[SOLVED] Calculation error with awk

shivaa · 10-17-2012, 10:41 AM

I have a script:
#!/bin/bash
var1=1111688
var2=374335
prctg=`echo | awk '{print 100 - $var2\*100/$var1}'`
echo "$prctg"
prctg1=$((echo | awk '{print 100 - $var2\*100/$var1}'))
echo "$prctg1"

But when I invoke it, it's giving me following error:
awk: syntax error near line 1
awk: illegal statement near line 1
testscript.sh: syntax error at line 6: `prctg1=$' unexpected

Could anybody rectify, where I am making mistake? Running it on Solaris 10.

ntubski · 10-17-2012, 10:56 AM

Code:

prctg=`echo | awk '{print 100 - $var2\*100/$var1}'`

awk doesn't see bash variables
you shouldn't escape * in awk code (it's already quoted for bash by the single quotes)
you can use the BEGIN pattern instead of the echo | awk ... kludge

Code:

prctg=`awk -vvar1="$var1" -vvar2="$var2" 'BEGIN{print 100 - var2*100/var1}'`
# or, if you are doing just arithmetic in awk, bash's string interpolation could work:
prctg=`awk "BEGIN{print 100 - $var2*100/$var1}"`

Code:

prctg1=$((echo | awk '{print 100 - $var2\*100/$var1}'))

This makes no sense, you are mixing bash's arithmetic evaluation with external commands, maybe you meant $(), ie single parens?

Code:

# use $() instead of ``
prctg1=$(awk -vvar1="$var1" -vvar2="$var2" 'BEGIN{print 100 - var2*100/var1}')
# use $(()) instead of awk
prctg1=$((100 - var2*100/var1))

Quote:

Running it on Solaris 10.

The bash and awk versions in use are probably more relevant.

shivaa · 10-17-2012, 02:51 PM

Ntubski, thanks for your reply. But unfortunately none of your suggested commands worked! I am running it in Solaris 10 and I am running this script with #!/bin/bash. Bash version installed in my system is 3.00.16(1). If I am using following expression in my script:
prctg=`awk "BEGIN{print 100 - $var2*100/$var1}"`
It gives the error:
awk: divided by zero
Else, all other commands give the error I already mentioned.
Even if I change the shell to #!/bin/csh or #!/bin/tcsh, and set variables using "set <var-name>=<value>", it's still giving that same error as mentioned previously!!

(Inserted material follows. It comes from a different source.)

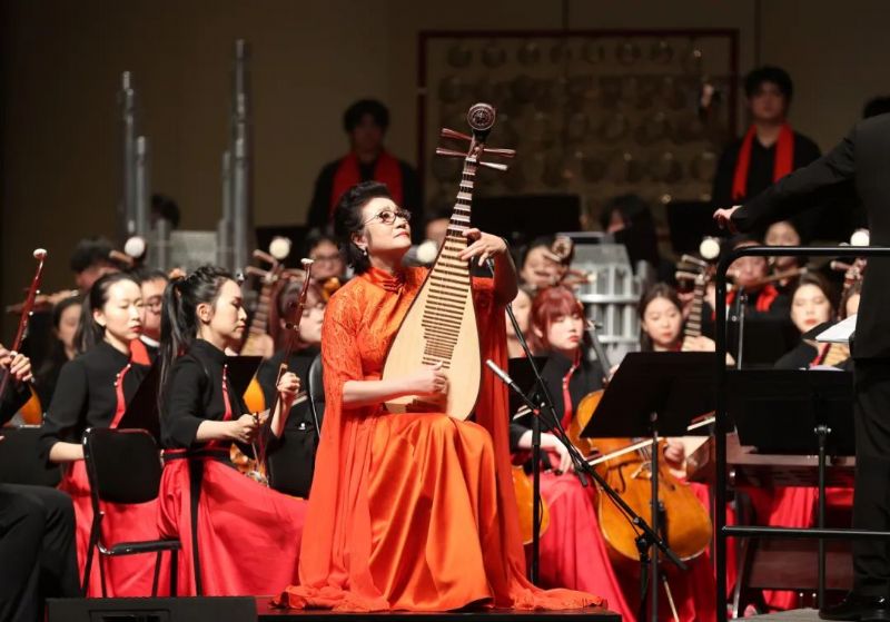 音乐会特邀中国民族管弦乐学会会长、中国音乐家协会琵琶学会会长、我国民族器乐领域知名专家吴玉霞演出琵琶协奏曲《云想花想》。演奏家通过娴熟的演奏和极具艺术感染力的表演,将作品优美的旋律、灵动雀跃、跌宕起伏的节奏完美呈现,精彩唯美的演奏赢得现场观众的热烈掌声。

Snark1994 · 10-17-2012, 03:47 PM

Can we see the whole code as it stands? If I run

Code:

$ var1=1111688
$ var2=374335
$ echo `awk "BEGIN{print 100 - $var2*100/$var1}"`
66.3273

it works fine, as you see. The only division you're doing is by $var1, so I assume the error is there (or in a line of your code you haven't posted)

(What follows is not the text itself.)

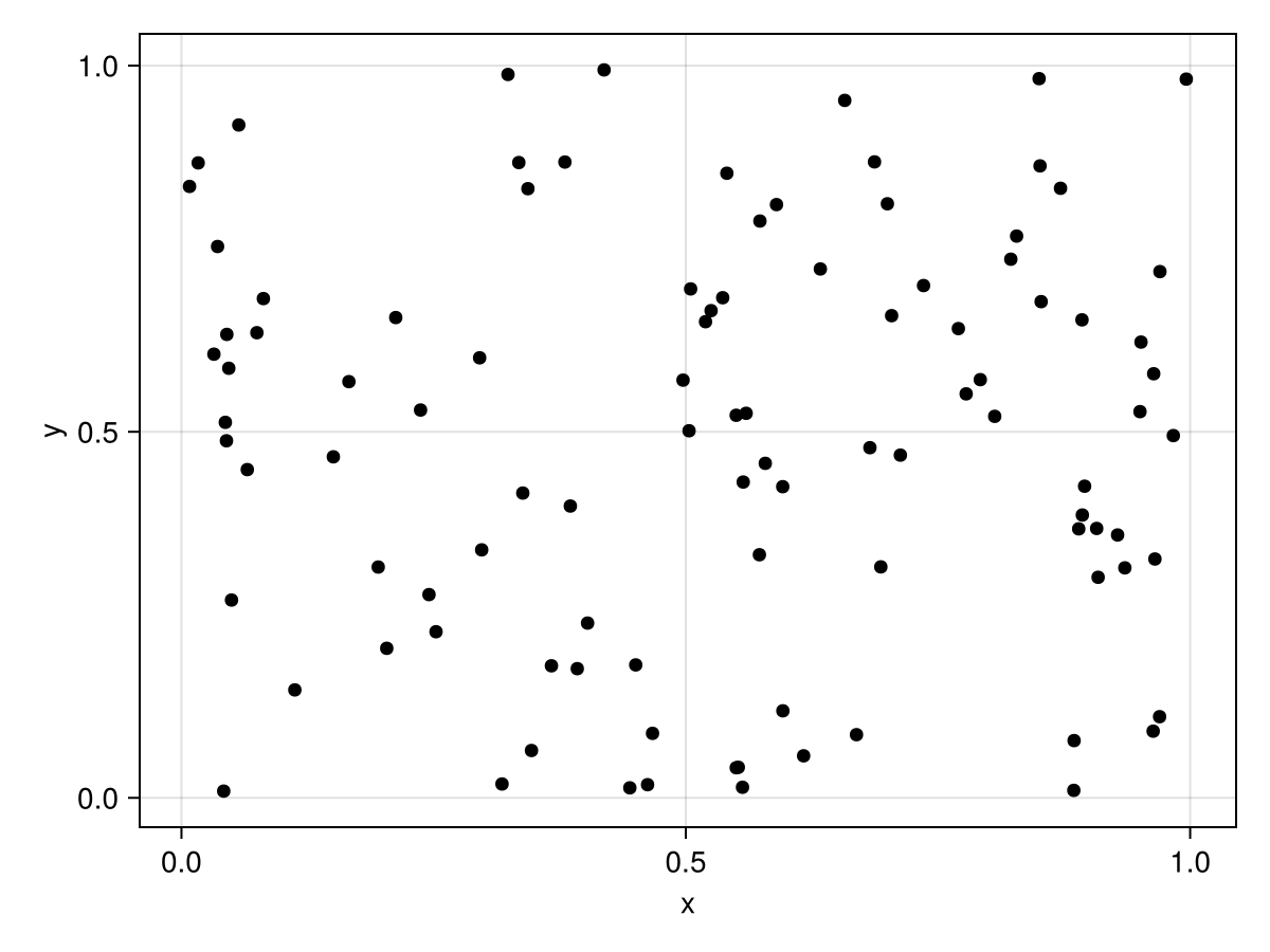 df = (x=rand(100), y=rand(100))

shivaa · 10-17-2012, 11:21 PM

Quote:

Originally Posted by Snark1994

Can we see the whole code as it stands? If I run

Code:

$ var1=1111688
$ var2=374335
$ echo `awk "BEGIN{print 100 - $var2*100/$var1}"`
66.3273

it works fine, as you see. The only division you're doing is by $var1, so I assume the error is there (or in a line of your code you haven't posted)

Yes Snark, it finally worked. Perhaps the awk code I was trying previously was wrong. I created a simple script in same environment, tested it, and it worked:
#!/bin/bash
var1=1111688
var2=374335
echo | awk "BEGIN{print 100 - $var2*100/$var1}"
Output: 66.3273

Thanks everyone for your responses!!

ntubski · 10-18-2012, 02:26 AM

Quote:

Originally Posted by meninvenus

echo | awk "BEGIN{print 100 - $var2*100/$var1}"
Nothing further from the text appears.